Not sure if this helps drummy,but in our local friday-ad chap selling a R/traffic.the engine needs attention, for £150. 01444 471334/471605 this is in Haywards heath Sussex area.

cabby


----------



## 96602 (Oct 30, 2005)

thanks cabby will keep it in mind. if i cant find any new parts it will need to be the second hand market.


----------



## sallytrafic (Jan 17, 2006)

drummy said:


> can anyone please help me find parts for my renault trafic '86 autosleeper, i've tried renault themselves but they didn't want to know when i told them the age of the van. i've used eurocar parts for spares in the past but now they struggle to get them. suspension parts seem to be a problem getting hold of i.e. bushes. i also need electrical bits. any ideas welcome. thanks drummy


Have you tried the Renault Trafic Motorhome Register >See Here<

Regards Frank


----------



## 96602 (Oct 30, 2005)

Thanks Frank, I will give them a try.


----------



## 101095 (Sep 23, 2006)

old renault parts are so hard to get hold off, thats why we gave up on our renault. never again


----------



## annetony (May 1, 2005)

we have an Autosleeper Talbot Harmony 1991 and have bought parts off here
http://www.no1gear.com/recycledparts.html
they deal in parts for older vans, if they haven't got what you need, may be able to point you in the right direction, good luck
Anne


----------



## ingram (May 12, 2005)

If Eurocarparts don't stock the bits you need you could try German Swedish & French (GSF) although you may find the same problem.

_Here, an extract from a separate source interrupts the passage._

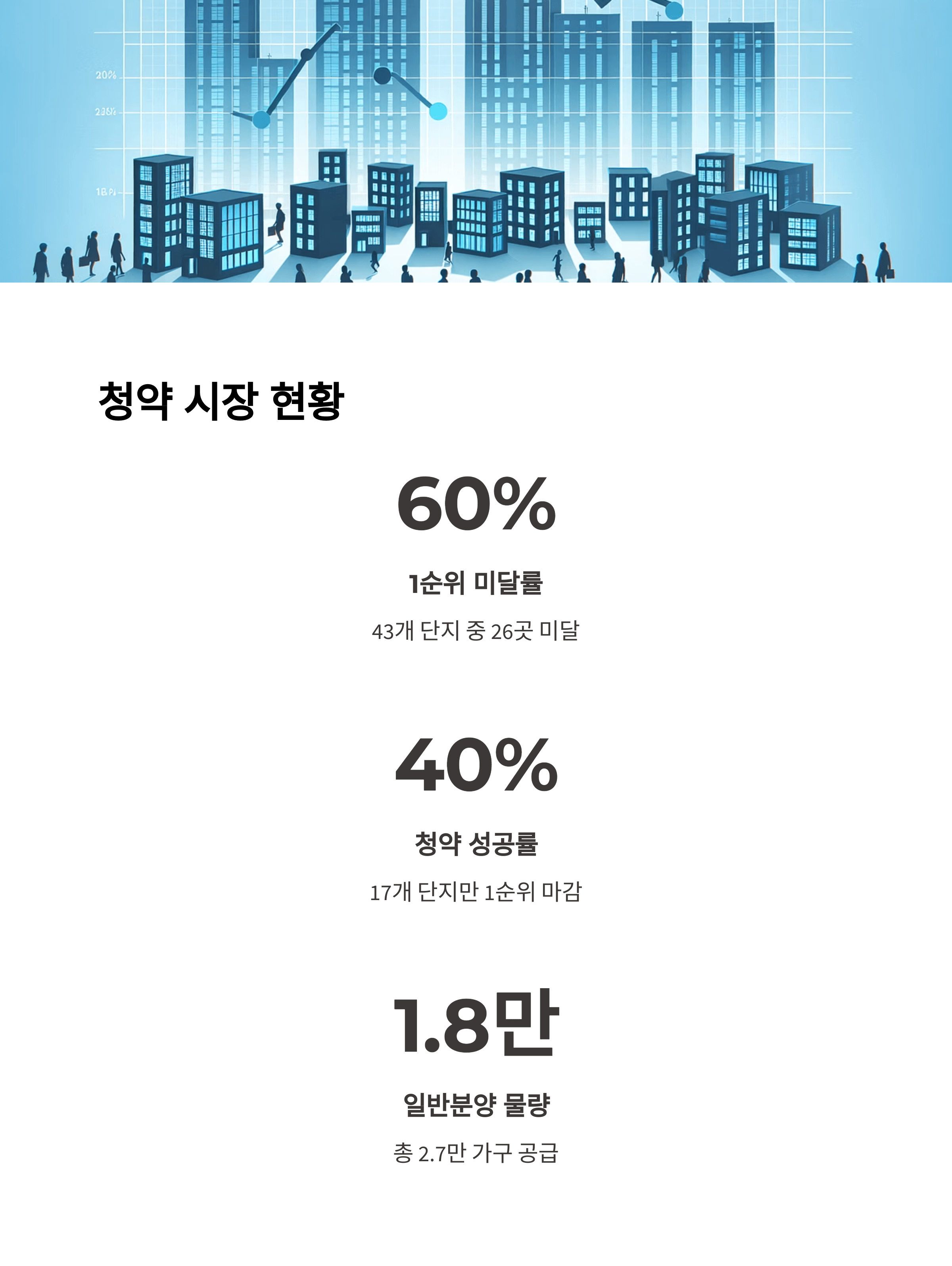 - 2025년 1월부터 4월까지 민간 분양 아파트의 약 60%가 1순위 청약 마감에 실패했다는 점이 주요 이슈입니다.

Depending on exactly what you need: it may be worth trying any local motorfactor or 'Partco' (Unipart) .

If used parts may be suitable, there is a specialist Renault breaker called 'Vic Barlow' somewhere 'oop north': he certainly has Renault Master parts: haven't needed to use him myself but have heard that he is very helpful.

A google for 'Vic Barlow' should find them.

hth

Harvey


----------



## drcotts (Feb 23, 2006)

Try one of the many internet based parts locatiors
parts gateway
breakerlink

you key in the vehicle details and the part required. This then goes out over tinternet nationwide. Anyone who has one will ring you (usually within 30 mins and give price and they post it to you next day delivery.

Worked for my in the past when all else failed

Phill


----------